While network interface interconnect technologies are not as widely known as those previously discussed, they are in wide spread use and are standardized in network processor chips and network interface devices. These include the UTOPIA, POS-PHY, SPI-4 and HyperTransport parallel interfaces with performances over 8-, 16- and 32- bits up to 1.6 Gbyte /second. These interconnects create the backbone for ATM and TDM networking protocols used in the wired and wireless telecom industry.

PICMG is a consortium of companies that work together to create standard specifications. These specifications enable an ecosystem of platform and module providers to jointly create standard embedded and telecom products that interoperate.

Current key standards contenders include existing Fibre Channel, SCSI and ATA for storage to processor interconnect technologies. New standard interconnects include Infiniband, RapidIO and PCI Express. PICMG has created standard system interconnect specs including PICMG 2.16, 2.17, 2.20, 3.1, 3.2 and 3.3. Chip-to-chip interconnects such as Utopia, HyperTransport, SPI-4, POS-PHY and others are also in use to connect processing chips with each other and physical interfaces. Source: Motorola

The PICMG 2.16 standard specifies a switched Ethernet interconnect supporting up to 1 Gbit/second using the 802.3ab interface, over a PICMG 2.0 CompactPCI backplane in a dual star configuration. PICMG 2.16 works best in applications that use protocols that run over Ethernet such as TCP/IP and want to integrate the cables used to connect the processors into the backplane of the chassis.

PICMG 2.17 specifies a switched interconnect in a CompactPCI backplane for the Star Fabric PCI to PCI and H.110 compatible bridging technologies over high-speed serial point-to-point links at speeds up to 2 Gbit / second. PICMG 2.20 specifies a full mesh high-speed serial interconnect in a PICMG 2.0 backplane.

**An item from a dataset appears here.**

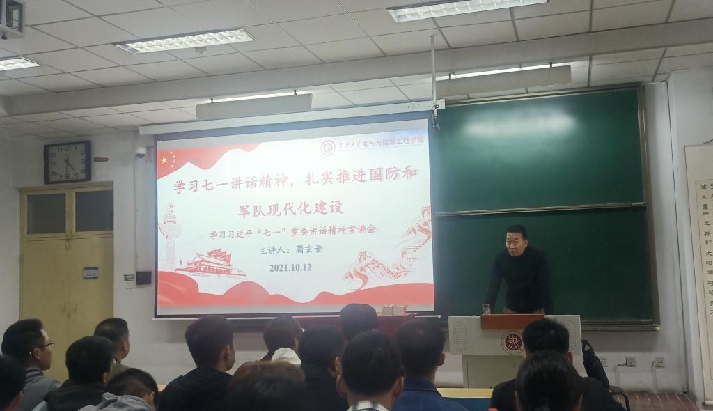 党委在11512H教室举行了学习贯彻习近平总书记“七一”重要讲话精神专题宣讲会,大会邀请到我校党史学习教育理论宣讲团成员蔺玄晋老师作了题为《学习七一讲话精神,扎实推进国防和军队现代化建设》的专题宣讲。会议由学院党委书记陈晔主持,全院师生党员及入党积极分子参加了会议。

PICMG 2.20.1 specifies a use of the 2.20 mesh for a Network Processing Distributed Fabric based on CSIX-L1 (Common Switch Interface Specification - L1). The PICMG 2.20 interconnect operates at speeds up to 3.125 Gbit /second across each point-to-point link to and from 18 slots for a maximum aggregate performance of up to 700 Gbit/second. All the PICMG 2.0 specifications such as 2.16, 2.17 and 2.20 are designed to follow the PICMG 2.0 6U x 160mm board form factor specification.

PICMG 3.0 is a new standard being developed called Advanced Telecom Computing Architecture (AdvancedTCA). It specifies a new and larger than CompactPCI PICMG 2.0 form factor for boards that are 8U high and 280mm deep. The AdvancedTCA PICMG 3.0 chassis supports up to 16 slots with full mesh backplane interconnect with four 2.5 Gigabit bi-directional links between each slot.

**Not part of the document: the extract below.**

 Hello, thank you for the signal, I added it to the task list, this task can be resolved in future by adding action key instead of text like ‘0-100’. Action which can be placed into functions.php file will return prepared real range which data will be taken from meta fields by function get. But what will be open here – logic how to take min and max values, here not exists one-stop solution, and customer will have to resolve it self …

PICMG 3.1 specifies the use of Ethernet over this full mesh, while PICMG 3.2 specifies Infiniband, and PICMG 3.3 specifies Star Fabric interconnects. A new standard subcommittee for PCI Express called PICMG 3.4 was just established. Future PICMG 3.x standards for Network Processing Fabrics such as CSIX-L1 and other interconnects will be established later this year.

All of these AdvancedTCA PICMG 3.x standards specify the use of the full mesh backplane interconnect specified in the PICMG 3.0 base specification. The best use for each depends on the protocol a particular application can benefit from.

For example, a server comprised of many boards each with several general purpose processors all providing a distributed service such as a Web hosting or email will probably use the PICMG 3.1 Ethernet connectivity because Ethernet is the media used to connect web servers.

On the other hand, a file server application may use PICMG 3.2 and the Infiniband connectivity to provide the scalable connectivity to disks and processors. These standard interconnects in the new PICMG 3.0 form factor enable the embedded networking and telecom designers to choose one that best meet the applications needs in a specific carrier grade platform.